Gevrey Asymptotics for Logarithmic-Type Solutions to Singularly Perturbed Problems with Nonlocal Nonlinearities

• Published in: Abstract and applied analysis Vol. 2023; pp. 1 - 42
• Main Author: Malek, Stéphane
• Format: Journal Article
• Language: English
• Published: New York Hindawi 2023; John Wiley & Sons, Inc; Hindawi Limited
• Subjects: Asymptotic series; Differential equations, Partial; Functions (mathematics); Logarithms; Mathematical research; Nonlinear differential equations; Nonlinear theories; Nonlinearity; Numbers; Operators (mathematics); Ordinary differential equations; Parameters; Partial differential equations; Polynomials; France
• ISSN: 1085-3375; 1687-0409
• DOI: 10.1155/2023/3025513

We investigate a family of nonlinear partial differential equations which are singularly perturbed in a complex parameter ϵ and singular in a complex time variable t at the origin.
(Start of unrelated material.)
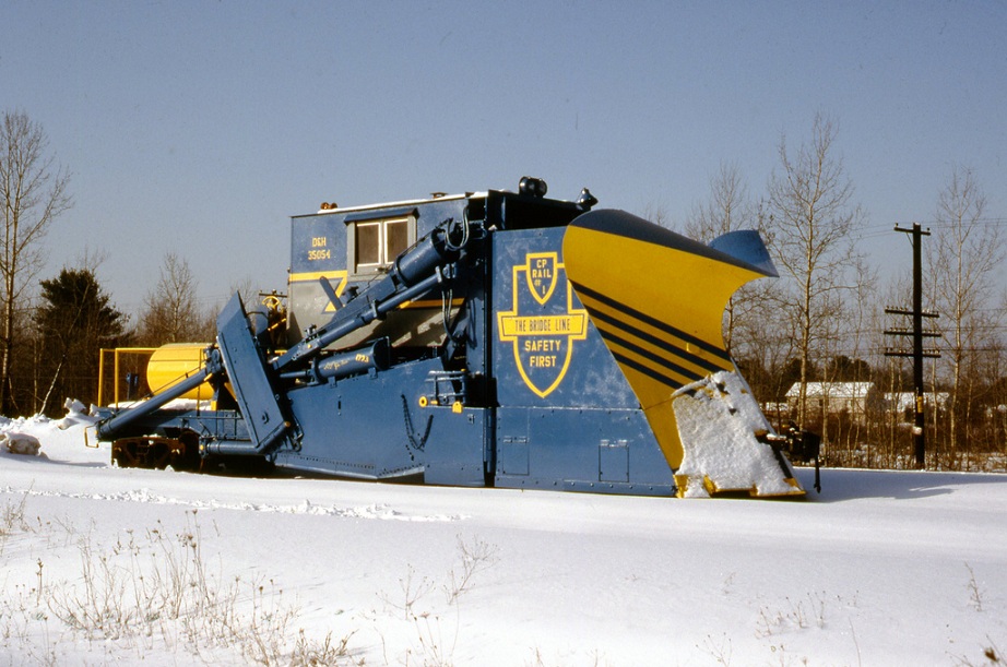 Delaware & Hudson 35054. D&H's only Lightning Stripe spreader. Saratoga Springs, NY, 2/15/93. Photo by J. Bartley.

These equations combine differential operators of Fuchsian type in time t and space derivatives on horizontal strips in the complex plane with a nonlocal operator acting on the parameter ϵ known as the formal monodromy around 0. Their coefficients and forcing terms comprise polynomial and logarithmic-type functions in time and are bounded holomorphic in space. A set of logarithmic-type solutions are shaped by means of Laplace transforms relatively to t and ϵ and Fourier integrals in space. Furthermore, a formal logarithmic-type solution is modeled which represents the common asymptotic expansion of the Gevrey type of the genuine solutions with respect to ϵ on bounded sectors at the origin.